Based on the binding site of miR-146a-5p and WWC2 shown by ENCORI database (Figure 3(e)), the WWC2-3′UTR-mut plasmid was constructed. The results of the dual luciferase reporter experiment described that the cells co-transfected with miR-146a-5p mimic and WWC2-WT had a decreased luciferase activity (Figure 3(f)). RT-qPCR results summarized that the WWC2 mRNA expression was decreased in the cells transfected with miR-146a-5p mimic but elevated in those transfected with miR-146a-5p inhibitor (Figure 3(g)). Hence, miR-146a-5p could limit WWC2 expression in cervical cancer cells.

The activity of the Hippo-YAP signaling pathway assayed by Western blot assay unfolded that the levels of LATS1 and YAP phosphorylation were increased after WWC2 was overexpressed, while those were diminished after overexpression of miR-146a-5p. Simultaneous overexpression of WWC2 and miR-146a-5p could reverse the inhibiting effect of single miR-146a-5p overexpression on the levels of LATS1 and YAP phosphorylation (Figures 3(h) and 3(i)). Next, immunofluorescence was performed to determine YAP nuclear localization. The results showed suppressed nuclear YAP expression after overexpression of WWC2. The nuclear YAP expression was increased after mimic of miR-146a-5p, which was diminished after restoration of WWC2 (Figure 3(j)). Furthermore, mRNA expression of Hippo-YAP signaling pathway downstream molecules (CTGF and Cyr61) in C33A cells was decreased after overexpression of WWC2, but elevated after overexpression of miR-146a-5p. However, overexpression of WWC2 reversed the promotion of CTGF and Cyr61 mRNA expression induced by mimic of miR-146a-5p (Figure 3(k)). In conclusion, miR-146a-5p activated the Hippo-YAP signaling pathway through targeting WWC2 in cervical cancer cells.

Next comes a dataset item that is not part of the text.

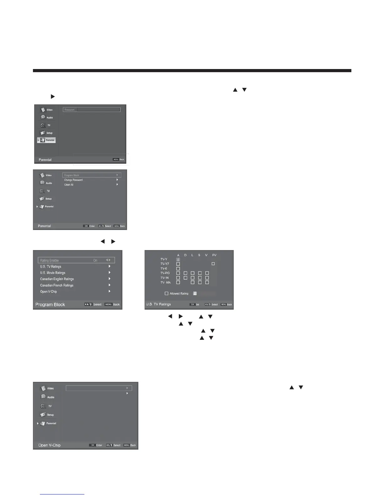 U.S. Movie Ratings: Press OK to enter, and use / to select, and press OK to confirm.
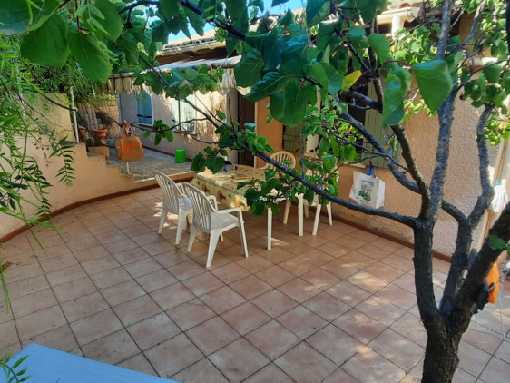 Au coeur du village, à proximités de la plage et des commodités, maison plain-pied traversante avec terrasse avant vue Mer et à l arrière terrasse et restanque arborée. De 73M² elle distribue une entrée principale par le séjour traversant, cuisine US semi équipée, dégagement, 3 chambres avec placard, SDD avec wc, wc indépendant, elle jouit d'un grand atelier au sous-sol ainsi qu'un garage fermé avec stationnement aisés devant celui-ci pour 2 à 3 véhicules. le terrain fait le tour de la maison sur une parcelle de 435M² aménagée et clôturés.

3.4. miR-146a-5p Carried by Cervical Cancer Cells-Secreted EVs Could Facilitate Cervical Cancer Metastasis through Downregulating WWC2

To explore whether miR-146a-5p mediated WWC2 to affect cervical cancer metastasis, C33A cells overexpressing WWC2 were co-cultured with EVs secreted by the CaSki cells treated with mimic-NC or miR-146a-5p mimic (EV-mimic-NC or EV-miR-146a-5p mimic). RT-qPCR results showed that the WWC2 expression was elevated by treatment with WWC2 overexpression plasmid in the C33A cells cultured with EV-mimic-NC. The expression of miR-146a-5p was increased while that of WWC2 was decreased by co-culture with EV-miR-146a-5p mimic in either the C33A cells treated with Vector or C33A cells overexpressing WWC2 (Figure 4(a)). These results summarized that miR-146a-5p carried by EVs could diminish WWC2 expression. Furthermore, our results demonstrated that WWC2 overexpression reduced the numbers of migrated and invaded C33A cells cultured with EV-mimic-NC, which was reversed by the delivery of more miR-146a-5p via EVs. Additionally, an increase was noted in the numbers of migrated and invaded C33A cells treated with EV-miR-146a-5p mimic + Vector relative to those in cells treated with EV-mimic-NC + Vector (Figure 4(b)). At the same time, WWC2 overexpression resulted in promoted extracellular matrix adhesion ability and elevated expression of E-cadherin, and weakened anti-anoikis ability and decreased expression of N-cadherin and Vimentin in the C33A cells cultured with EV-mimic-NC. However, EV-miR-146a-5p mimic could reverse the effects induced by WWC2 overexpression (Figures 4(c)–4(e)). Furthermore, nude mice lung metastasis models were established for in vivo validation. The results of in vivo imaging, H&E staining, and the curve for mouse survival showed that lung metastasis of the mice injected with EV-mimic-NC was suppressed and their survival time was increased upon WWC2 overexpression, whereas the lung metastasis in the mice overexpressing WWC2 was enhanced by treatment with EV-miR-146a-5p mimic, corresponding to shortened survival time. Treatment with EV-miR-146a-5p mimic + Vector enhanced the lung metastasis of the mice while arresting mouse survival time (Figures 4(f)–4(h)). Taken together, miR-146a-5p carried by EVs accelerated the metastasis of cervical cancer by inhibiting WWC2.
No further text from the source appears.